Protracted cholera outbreak in the Central Region, Ghana, 2016.

Autor: Issahaku GR; Ghana Field Epidemiology and Laboratory Training Programme, Department of Epidemiology and Disease Control, University of Ghana School of Public Health, Legon, Accra, Ghana.; Tamale Teaching Hospital, Tamale, Ghana., Asiedu-Bekoe F; Disease Surveillance Department, Ghana Health Service, Accra, Ghana., Kwashie S; Disease Surveillance Department, Ghana Health Service, Accra, Ghana., Broni F; Ghana Field Epidemiology and Laboratory Training Programme, Department of Epidemiology and Disease Control, University of Ghana School of Public Health, Legon, Accra, Ghana.; Disease Surveillance Department, Ghana Health Service, Accra, Ghana., Boateng P; Ghana Field Epidemiology and Laboratory Training Programme, Department of Epidemiology and Disease Control, University of Ghana School of Public Health, Legon, Accra, Ghana.; Disease Surveillance Department, Ghana Health Service, Accra, Ghana., Alomatu H; Ghana Field Epidemiology and Laboratory Training Programme, Department of Epidemiology and Disease Control, University of Ghana School of Public Health, Legon, Accra, Ghana., Houphouet EE; Faculty of Public Health, Ghana College of Physicians and Surgeons, Accra, Ghana., Asante AA; Disease Surveillance Department, Ghana Health Service, Accra, Ghana.; Faculty of Public Health, Ghana College of Physicians and Surgeons, Accra, Ghana., Ameme DK; Ghana Field Epidemiology and Laboratory Training Programme, Department of Epidemiology and Disease Control, University of Ghana School of Public Health, Legon, Accra, Ghana., Kenu E; Ghana Field Epidemiology and Laboratory Training Programme, Department of Epidemiology and Disease Control, University of Ghana School of Public Health, Legon, Accra, Ghana.
Jazyk: angličtina
Zdroj: Ghana medical journal [Ghana Med J] 2020 Jun; Vol. 54 (2 Suppl), pp. 45-52.
DOI: 10.4314/gmj.v54i2s.8
Abstrakt: Objective: On 24th October 2016, the Central Regional Health Directorate received report of a suspected cholera outbreak in the Cape Coast Metropolis (CCM). We investigated to confirm the diagnosis, identify risk factors and implement control measures.
Design: We used a descriptive study followed by 1:2 unmatched case-control study.

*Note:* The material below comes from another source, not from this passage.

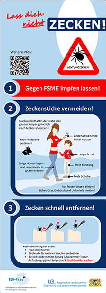 Zecken können Überträger verschiedener Krankheitserreger sein. Dieser Aufkleber gibt kurz und anschaulich wertvolle Tipps, um Zeckenstiche und deren mögliche Folgeerkrankungen zu vermeiden und zeigt, wie Zecken entfernt werden sollten. Ein QR-Code führt zu weiteren Informationsquellen. Dieser Sticker im Format 8 x 22 cm ist kostenfrei bestellbar - wie auch die ebenfalls zur Kampagne "Lass Dich nicht Zecken!" gehörenden Flyer (Art.Nr.: lgl_ges_000116) und Plakate (Art.Nr:. lgl_ges_00117) .| Herausgeber | : | Bayerisches Landesamt für Gesundheit und Lebensmittelsicherheit |

Data Source: We reviewed medical records, conducted active case search and contact tracing, interviewed case-patients and their contacts and conducted environmental assessment. Case-patients' stool samples were tested with point of care test kits (SD Bioline Cholera Ag 01/0139) and sent to the Cape Coast Teaching Hospital Laboratory for confirmation.
Main Outcomes: Cause of outbreak, risk factors associated with spread of outbreak.

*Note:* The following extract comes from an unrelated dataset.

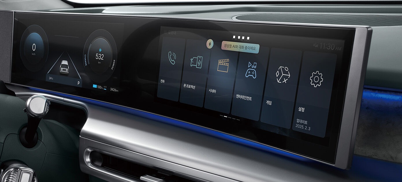 실내는 첨단 기술의 향연이다. 12.3인치 곡면 디스플레이가 운전석을 감싸고 있으며, 생성형 AI 기반의 음성인식 시스템이 탑재됐다. 중앙 콘솔인 ‘유니버설 아일랜드 2.0’은 최대 190mm까지 뒤로 밀릴 수 있어 2열 승객도 편리하게 사용할 수 있다. 특히 주목할 만한 점은 차량 출고 후에도 원격 주차 보조나 디스플레이 테마 등 원하는 기능을 추가로 구매할 수 있다는 것이다.

Results: Vibrio cholerae serotype Ogawa caused the outbreak. There was no mortality. Of 704 case-patients, 371(52.7%) were males and 55(7.8%) were aged under-five years. The median age was 23 years (interquartile range: 16-32 years). About a third 248(35.2%) of the case patients were aged 15-24 years. The University of Cape Coast subdistrict was the epicenter with 341(48.44%) cases. Compared to controls, cholera case-patients were more likely to have visited Cholera Treatment Centers (CTC) (aOR=12.1, 95%CI: 1.5-101.3), drank pipe-borne water (aOR=11.7, 95%CI: 3.3-41.8), or drank street-vended sachet water (aOR=11.0, 95%CI: 3.7-32.9). Open defecation and broken sewage pipes were observed in the epicenter.

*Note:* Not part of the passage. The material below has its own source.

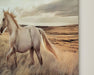 This wall art brings serene beauty to your home. This captivating print on glass captures the grace and majesty of a wild horse galloping through a golden field. The warm, earthy tones and dynamic composition create a sense of freedom and movement. It's a perfect choice to enhance your wall decor with nature-inspired artistry.

Conclusion: Vibrio cholerae serotype Ogawa caused the CCM cholera outbreak mostly affecting the youth. Visiting CTC was a major risk factor. Prompt case-management, contact tracing, health education, restricting access to CTC and implementing water sanitation and hygiene activities helped in the control.
Funding: This work was supported by Ghana Field Epidemiology and Laboratory Training Program (GFELTP), University of Ghana.